見積書などをもとに、根拠をもって積算しましょう。
事業再構築補助金の対象経費を最大限に活用するためには、申請段階からの綿密な準備が大切です。
ただ経費を計上するのではなく、補助金の目的を理解したうえで、事業計画と整合性の取れた経費計画を立てましょう。
また、申請書類の内容だけでなく、審査の視点を理解し、審査員が納得しやすいような経費の説明も重要です。
専門家や認定支援機関との連携で、より効果的な経費活用が可能となるでしょう。
事業計画と連動した詳細な経費計画を事前に立てることは、補助金を有効活用するために重要です。
経費の内訳を具体的に記載することで、審査の際に経費の必要性と妥当性を明確に示せます。
例えば、機械装置の導入を計画している場合は「機械の機種や型番・購入先・導入費用」を詳細に明記するだけでなく、その機械が事業にどのように貢献するのか、具体的な数値を交えながら説明しましょう。
また、複数の経費項目を計上する場合は、それらの関連性や優先順位を明確にしましょう。
認定支援機関や中小企業診断士など専門家との連携は、対象経費を効果的に活用するための重要なポイントです。
専門家は、補助金の申請に関する豊富な経験と専門的な知識を有しており、事業計画や経費計画の策定において有益なアドバイスを提供してくれます。
経費の見直しや採択されやすい経費の選び方、申請書類作成における注意点など、専門家のサポートを受けながら、より効果的な計画を立てることが大切です。
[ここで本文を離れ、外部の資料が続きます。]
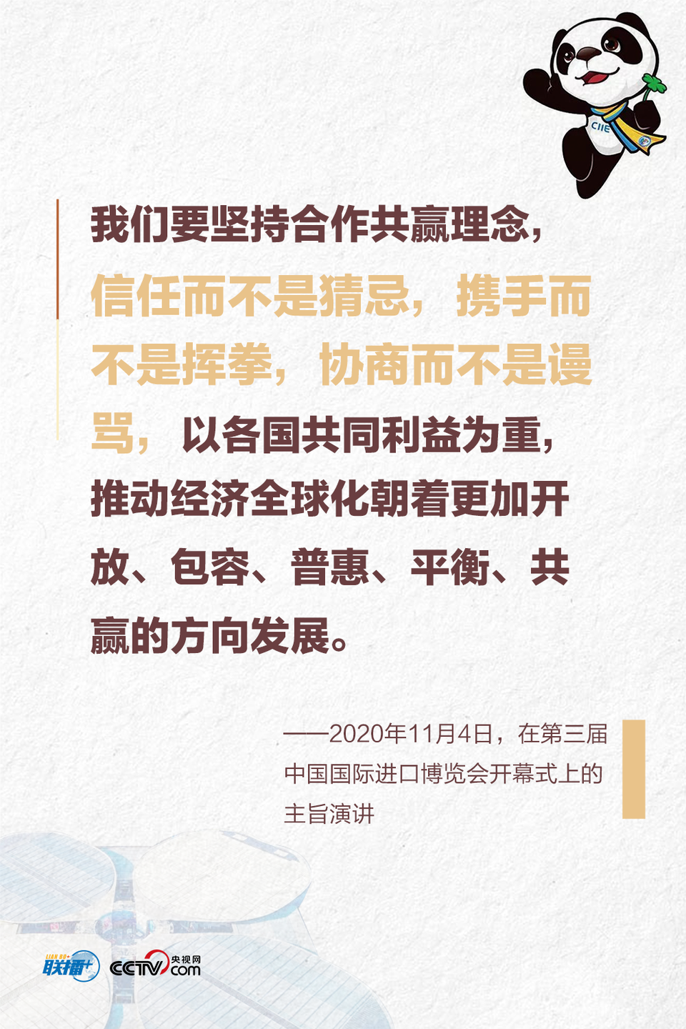 “要堅持合作共贏理念,信任而不是猜忌,攜手而不是揮拳,協(xié)商而不是謾罵,以各國共同利益為重,推動經(jīng)濟全球化朝著更加開放、包容、普惠、平衡、共贏的方向發(fā)展”,“各國走向開放、走向合作的大勢沒有改變”。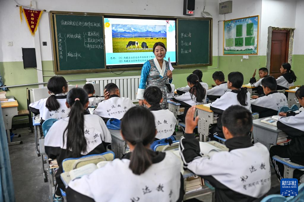走進西藏阿里地區札達縣九年一貫制學校,初三(2)班的孩子正在上民族團結主題思政課?!罢l能講一個關于愛國的故事?”老師次仁曲加問。孩子們思索片刻,爭搶著舉手,扎西格堆第一個站起來回答:“江孜保衛戰!面對侵略者數次進攻,雖然彈盡糧絕,各族同胞仍堅持戰斗、寧死不屈,展現出團結一心、眾志成城的精神……”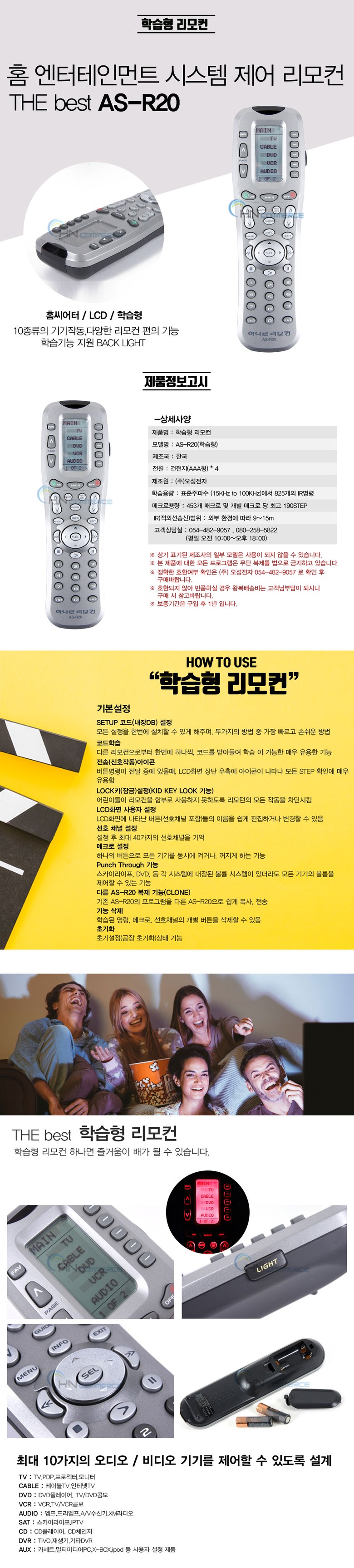 (하나로리모컨)TV/DVD/학습형/통합리모컨/AS-R20 > 주방·용품 | 에뽀끄몰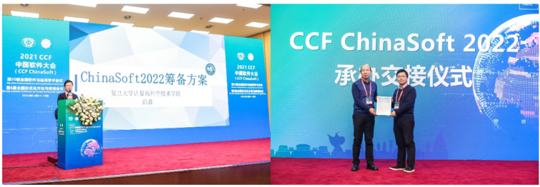 下一届CCF中国软件大会承办方代表,复旦大学计算机科学技术学院副院长彭鑫教授代表承办方进行承办方案宣讲,并与本届大会承办方今年会官方网站举行了承办交接仪式。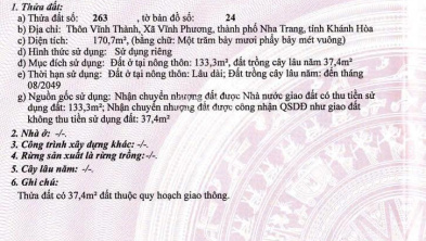 Đất nềnNha TrangXã Vĩnh Thạnh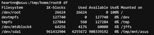 由于格式化的时候填写了卷标为asus,所以挂载到路由器上的路径就是/mnt/asus,这便是挂载的根目录了。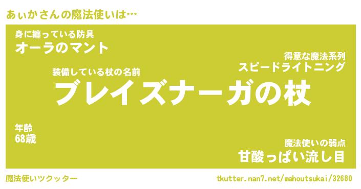 | ファンタジー風あだ名 | 『アィフェル』『エターナルアィカー』 |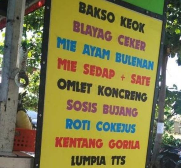 Beragam cara digunakan untuk pemasaran, produk makanan yang dijual harus memiliki ciri khas atau harga yang relatif terjangkau dari kompetitori. Selain itu ada satu cara yang cukup unik dan menarik yang bikin pelanggan penasaran buat nyoba melalui nama yang nyeleneh seperti deretan nama makanan di bawah ini. Dijamin bikin kamu ngakak melihatnya, penasaran? Yuk simak langsung saja..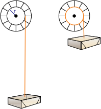 A imagem descreve o içamento de uma caixa por meio de uma corda fixada a ela e a uma roda circular de raio r = 30 cm.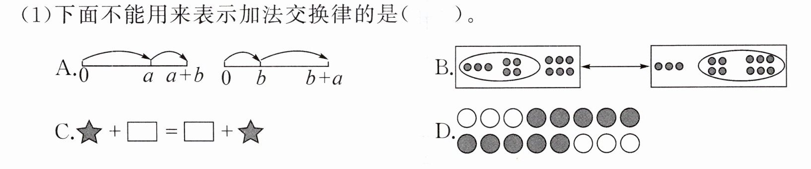 答:3+4=4+3,猴子每天没有多吃橡果,故事中体现了加法交换律。
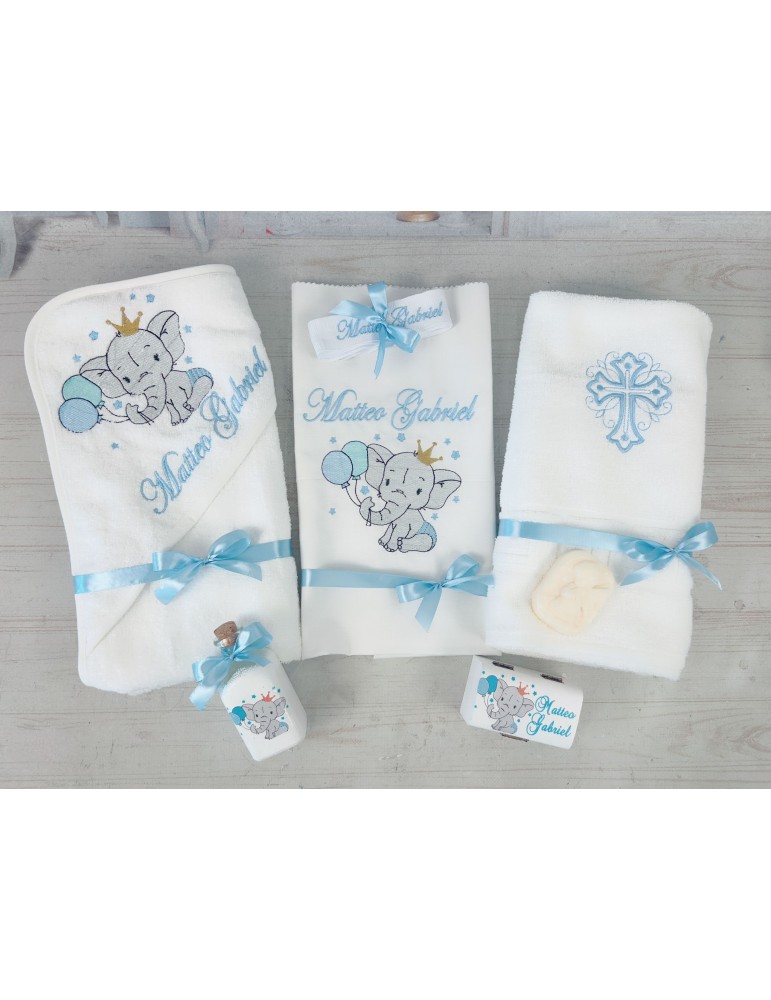Trusou brodat pentru botez cu tematica elefant bleo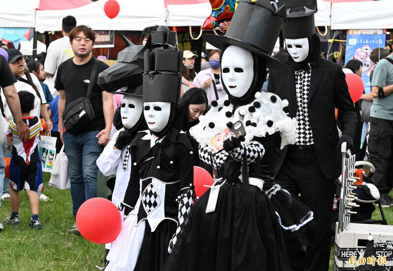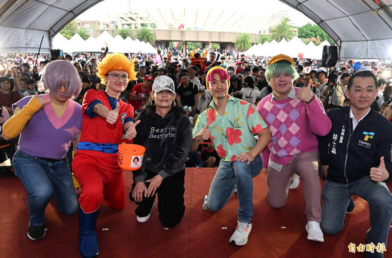 〔記者孫唯容/台北報導〕「天母搞什麼鬼17」萬聖節嘉年華活動今(1)日盛大舉行,現場擠爆參與變裝活動的大小朋友,盡情投入這場全民搞鬼的節慶派對。台北市長蔣萬安也盛裝出席,和產業發展局長陳俊安、商業處長高振源等人,打扮成動畫電影《Kpop獵魔女團》中的男團Saja boys,讓全場嗨翻。蔣萬安表示,自己今天扮演很新潮的動畫人物Saja boys的成員-Abby,小朋友應該都很認識這個角色,像自己兒子就很喜歡。不少民眾鼓催蔣萬安現場來一段Saja boys的熱門舞蹈Soda Pop,造型亮眼吸睛,引發討論。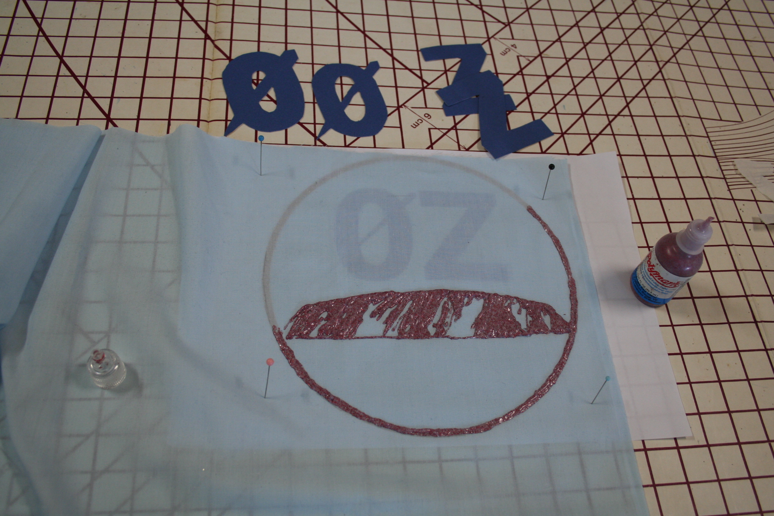 In this set i made two patches, one for a friend who likes sparkles. i have coloured in the red ularu with Red Glitter PolyMark fabric paint.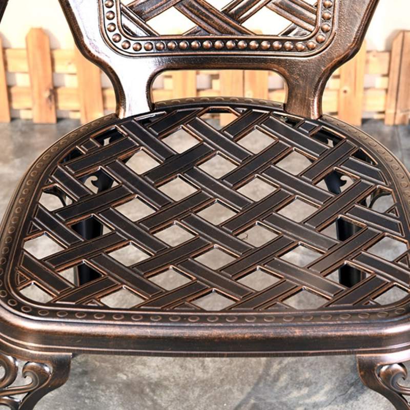 Обеденная группа из литого алюминия выглядит стильно и богато, хорошо гармонируя с современными стилями, от классики до современного дизайна.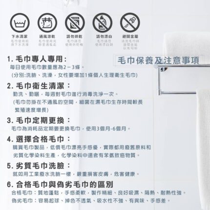 包裝良好,出貨迅速,品質不錯,洗完沒脫線也沒棉絮現象,部份家人覺得毛巾觸感ok,部份家人覺得不太習慣。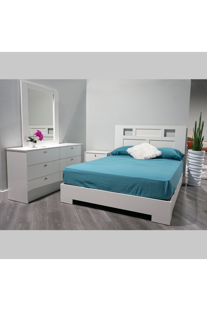 Cama y piezas del conjunto fabricadas en melamina de madera resistente a la humedad y rayaduras.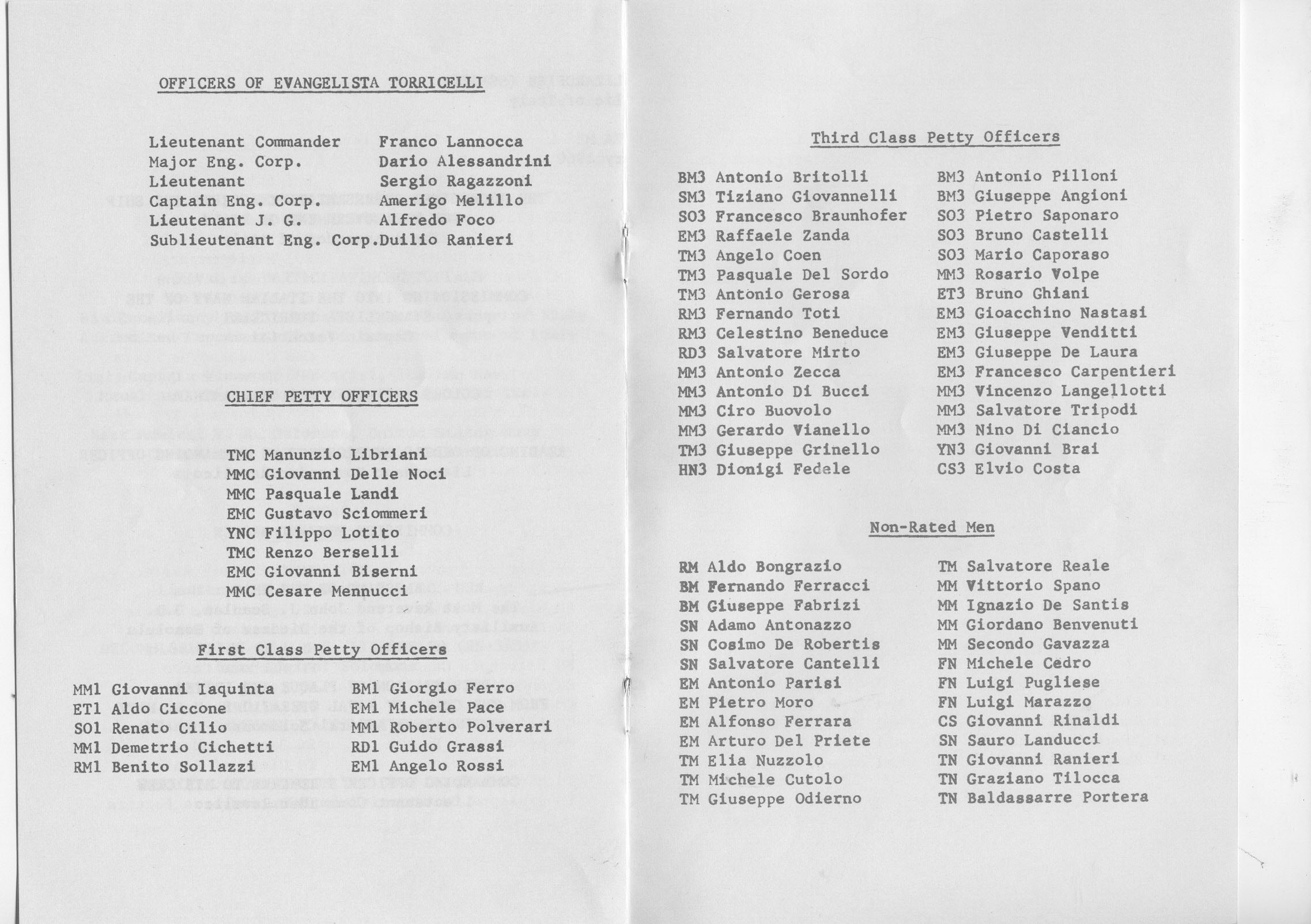 470k | Page 6 & 7 of the Transfer ceremony for the Evangelista Torricelli (S-512), ex-Lizardfish (SS-373) at Pearl Harbor, 9 January 1960. New crewmembers names. | Photo courtesy of Ron Reeves (of blessed memory). | |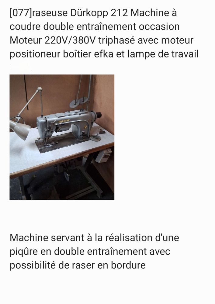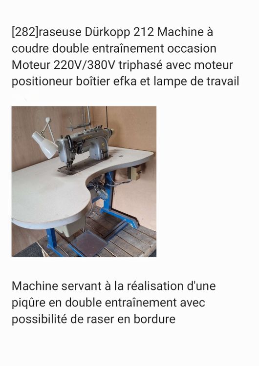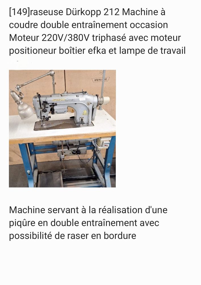 Lot de 5 machines a coudre raseuse double entrainement occasion, en état fonctionel, moteur 220V/380V triphasé avec moteur positioneur boitier efka et lampe de travail; Machine servant a la réalisation d'une piqure en double ebtrainement avec possibilité de raser en bordure.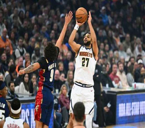 中場休息回來,掘金連續兩節單節得分35+,且限制騎士第二次單節不足30分。掘金率先66-62反超比分,米切爾三分命中,掘金一波10-0攻勢擴大11分優勢,隨后掘金被追到79-78僅領先1分。掘金一度84-86被反超比分,掘金內外開花一波13-2攻勢反超比分,掘金單節38-26凈勝12分,三節結束掘金97-88反超騎士。前三節比賽,掘金三分35中16,穆雷5記三分31+4+7引領掘金4人得分上雙;騎士三分30中14,米切爾5記三分27分引領騎士3人得分上雙。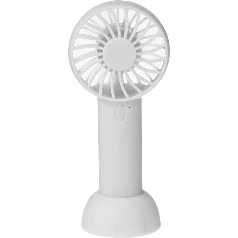 Rechargeable personal fan with 3 speeds and a Type-C charging port and cable. Includes a stand for upright positioning. Individually packaged in a brown cardboard box.

審査では、経費が補助金の目的に合致しているか、事業計画に沿った妥当な経費であるか、そして経費の必要性が明確に示されているかなどが評価されます。
したがって、経費を説明する際には、審査基準を十分に理解し、審査員が納得しやすい形での説明が重要です。
事業計画書や経費明細書において、経費と事業の目的との関連性を具体的に記述し、その経費が事業の成長や生産性向上にどのように貢献するのか、客観的なデータや根拠を用いた説明を心がけましょう。
本記事では、事業再構築補助金における対象経費と対象外経費を詳しく解説してきました。
補助金を有効に活用するためには、まず対象経費と対象外経費を明確に区別し、事業計画と整合性の取れた経費計画を立てることが重要です。
建物費や機械装置費など、事業の基盤を強化する投資は補助対象として認められやすく、事業の成長に不可欠な経費を優先的に検討しましょう。
一方で、パソコンやタブレットのような汎用性の高い物品、従業員の給与や福利厚生費、土地や株式の購入費用など、補助金の目的に合致しない経費は対象外です。
これらの経費は事業の成長や生産性向上に直接的に貢献するものではなく、補助金の目的から外れるため、計上しないよう注意してください。
補助金の申請を検討している方は、本記事を参考に、事業の目的に沿った経費を洗い出し、認定支援機関や専門家と連携しながら、より効果的な事業計画を策定しましょう。